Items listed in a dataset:
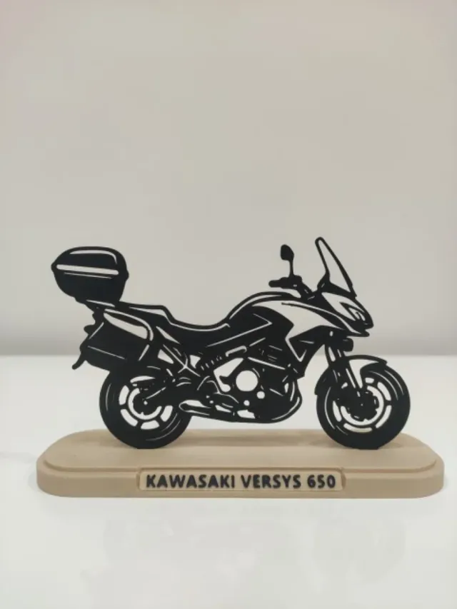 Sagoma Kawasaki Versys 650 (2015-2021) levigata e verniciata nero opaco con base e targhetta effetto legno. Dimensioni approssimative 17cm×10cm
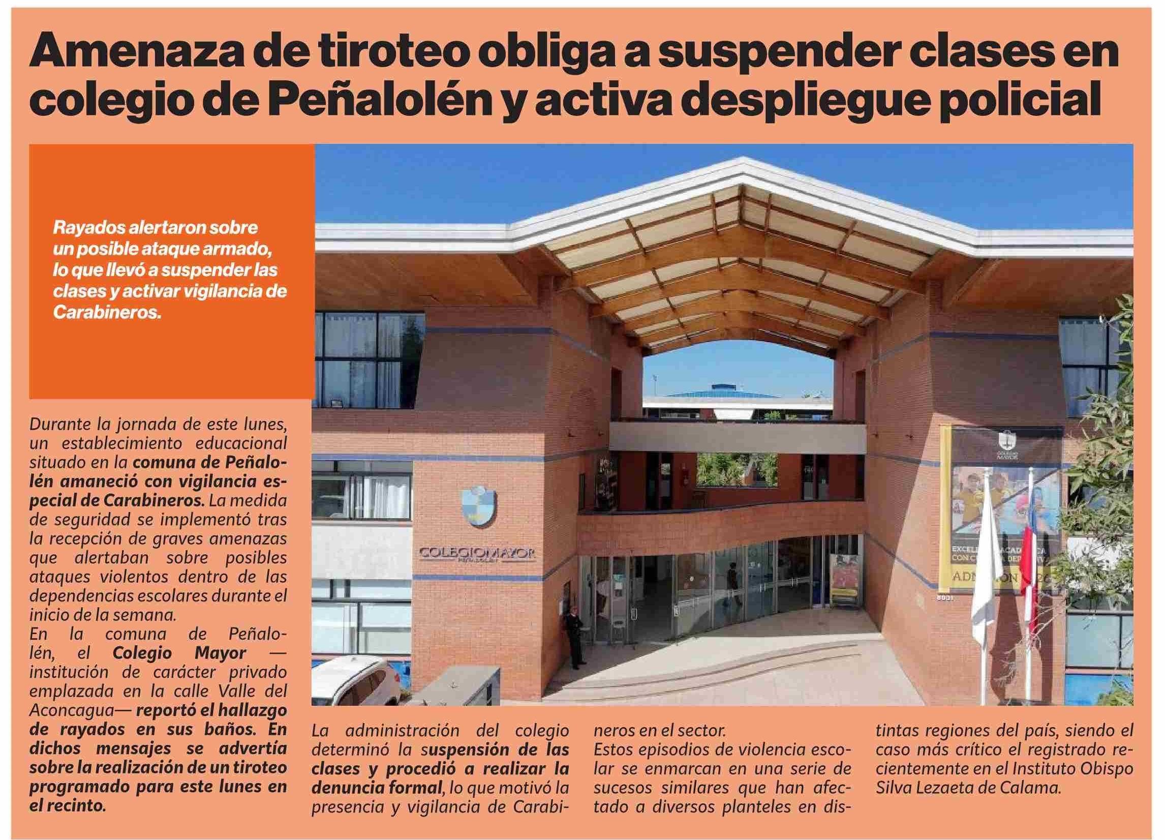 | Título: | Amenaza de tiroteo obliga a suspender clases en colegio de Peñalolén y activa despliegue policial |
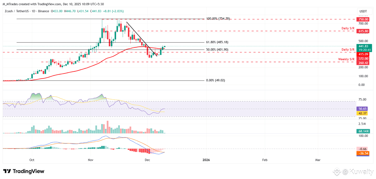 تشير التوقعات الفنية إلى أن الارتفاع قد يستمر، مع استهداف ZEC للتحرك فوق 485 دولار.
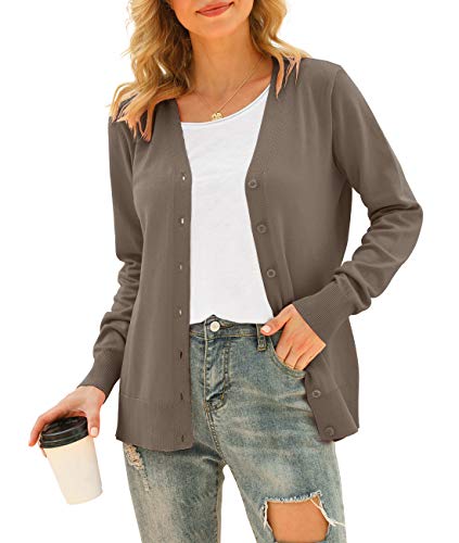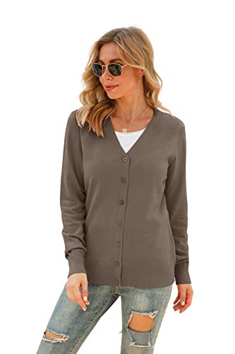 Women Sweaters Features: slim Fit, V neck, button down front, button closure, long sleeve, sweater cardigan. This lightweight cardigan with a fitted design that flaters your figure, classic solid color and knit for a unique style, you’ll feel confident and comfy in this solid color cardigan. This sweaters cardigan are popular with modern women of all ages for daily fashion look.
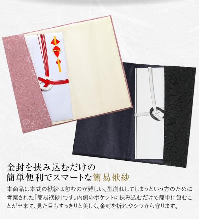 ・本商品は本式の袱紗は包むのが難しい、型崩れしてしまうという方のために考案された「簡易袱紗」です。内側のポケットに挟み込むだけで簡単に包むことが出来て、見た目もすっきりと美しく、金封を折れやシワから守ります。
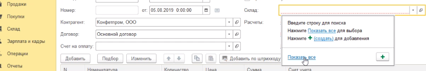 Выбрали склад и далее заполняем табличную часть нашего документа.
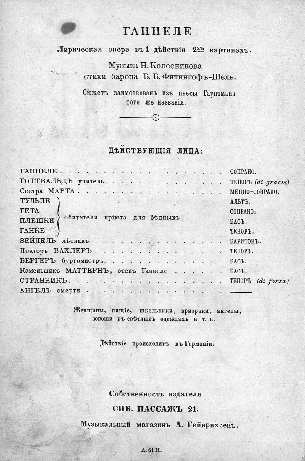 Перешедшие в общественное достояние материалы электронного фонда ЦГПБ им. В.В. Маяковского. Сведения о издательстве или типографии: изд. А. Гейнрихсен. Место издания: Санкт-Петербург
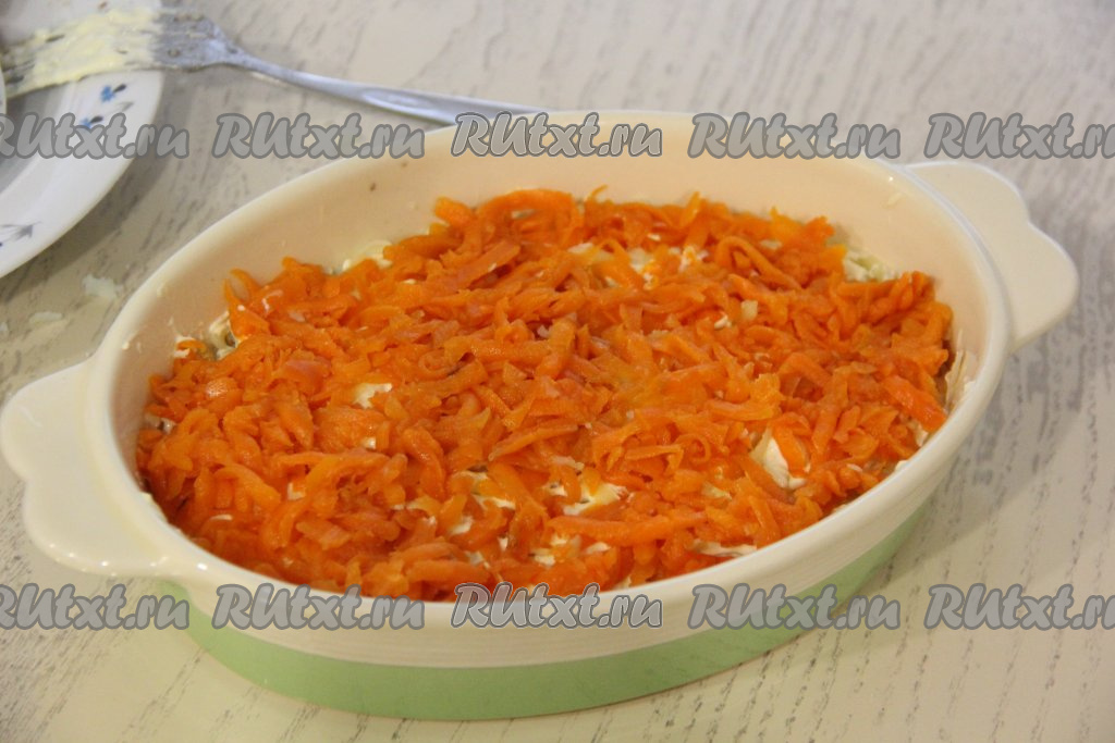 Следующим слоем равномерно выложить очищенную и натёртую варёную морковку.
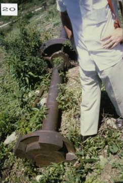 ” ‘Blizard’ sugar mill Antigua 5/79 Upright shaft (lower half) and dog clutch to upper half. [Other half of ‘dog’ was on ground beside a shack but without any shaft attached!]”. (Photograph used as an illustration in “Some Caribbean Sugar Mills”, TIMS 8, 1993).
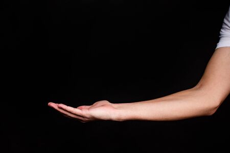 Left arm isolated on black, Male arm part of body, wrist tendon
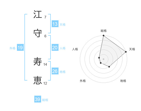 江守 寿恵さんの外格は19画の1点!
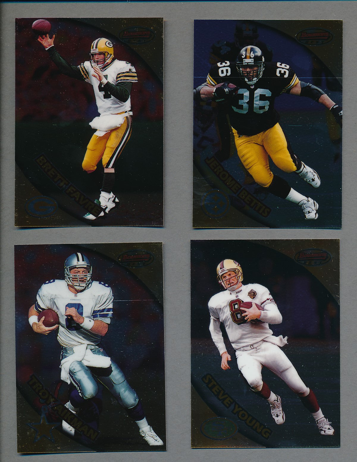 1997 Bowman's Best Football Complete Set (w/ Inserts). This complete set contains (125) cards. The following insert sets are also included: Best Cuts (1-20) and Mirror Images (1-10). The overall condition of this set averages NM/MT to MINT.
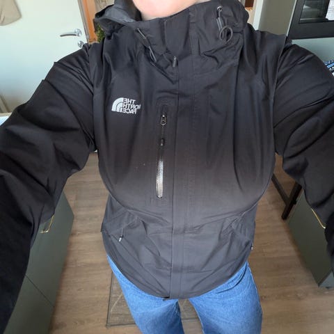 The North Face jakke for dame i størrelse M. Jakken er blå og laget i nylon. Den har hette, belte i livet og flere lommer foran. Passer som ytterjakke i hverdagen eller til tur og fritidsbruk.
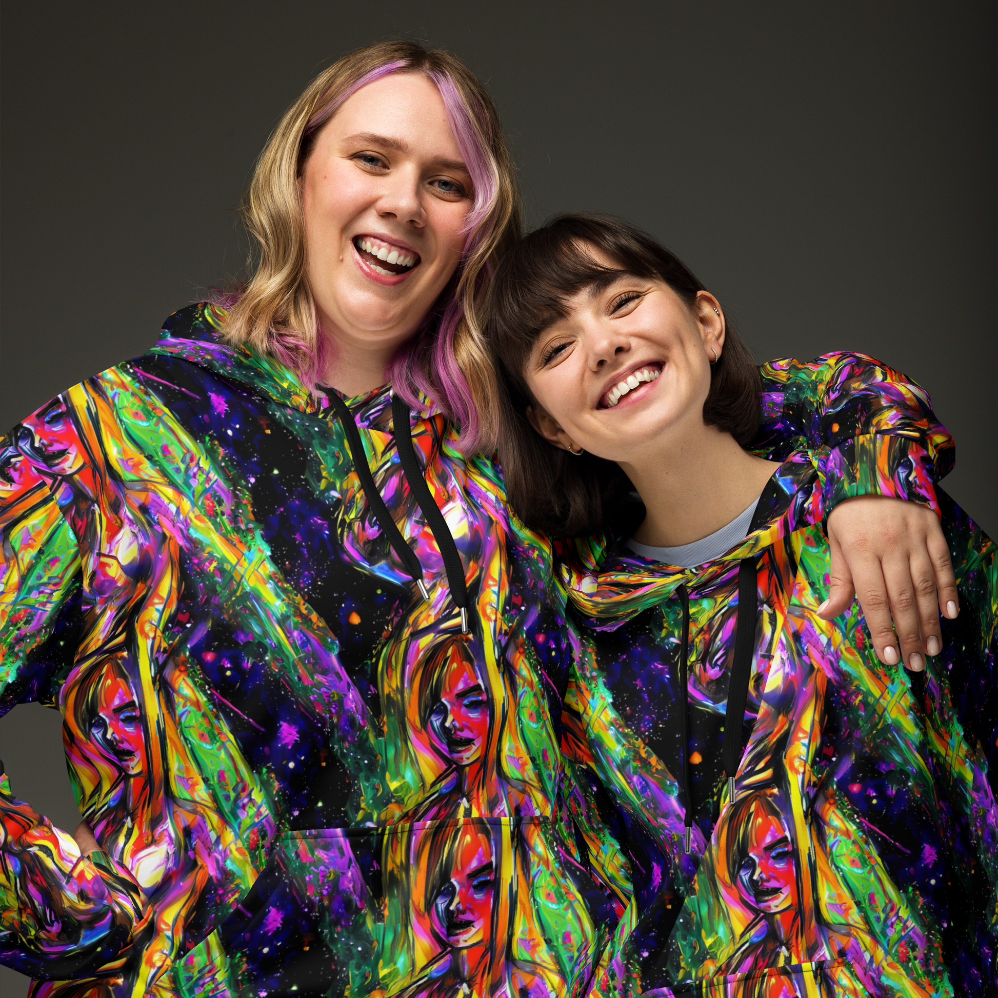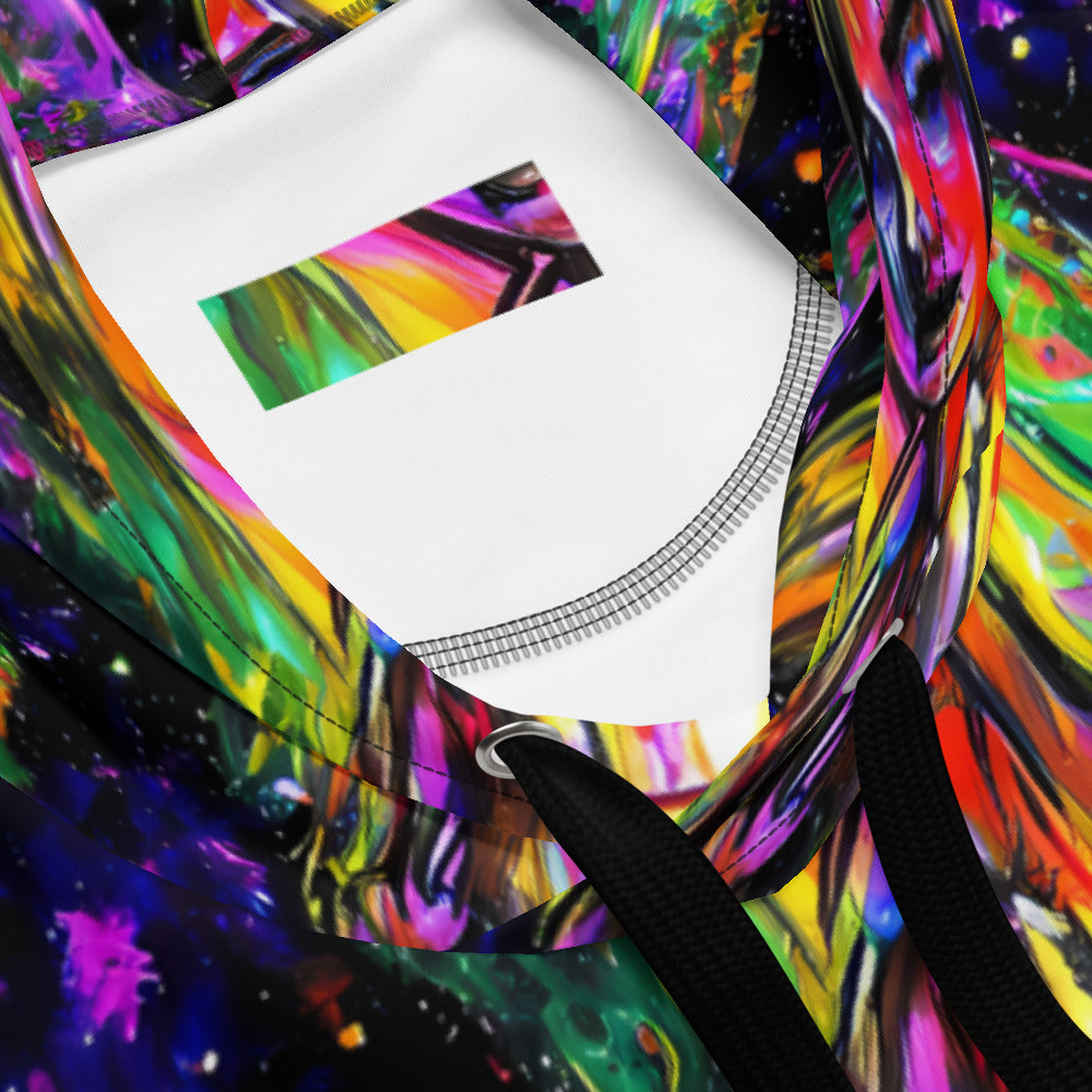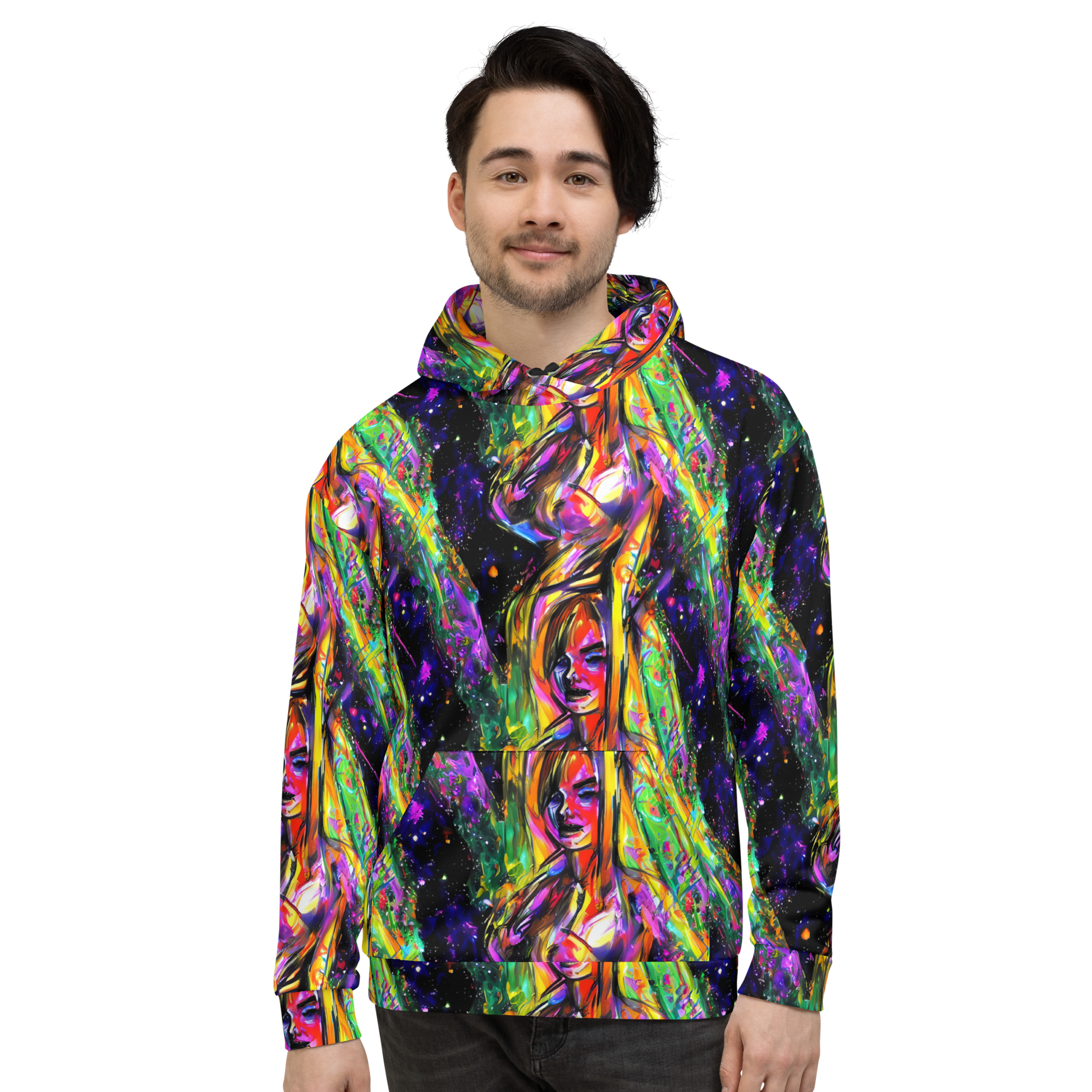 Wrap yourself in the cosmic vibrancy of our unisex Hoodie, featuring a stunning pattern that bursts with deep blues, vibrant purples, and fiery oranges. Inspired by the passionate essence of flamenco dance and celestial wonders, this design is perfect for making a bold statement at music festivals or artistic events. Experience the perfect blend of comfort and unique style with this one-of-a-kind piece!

▸ What the task asks: With the pictures left out, write out exactly the lines from the line containing "The North Face" through the last line of the entries above, both ends included, and no others.

▸ Written response:
 The North Face jakke for dame i størrelse M. Jakken er blå og laget i nylon. Den har hette, belte i livet og flere lommer foran. Passer som ytterjakke i hverdagen eller til tur og fritidsbruk.
 Wrap yourself in the cosmic vibrancy of our unisex Hoodie, featuring a stunning pattern that bursts with deep blues, vibrant purples, and fiery oranges. Inspired by the passionate essence of flamenco dance and celestial wonders, this design is perfect for making a bold statement at music festivals or artistic events. Experience the perfect blend of comfort and unique style with this one-of-a-kind piece!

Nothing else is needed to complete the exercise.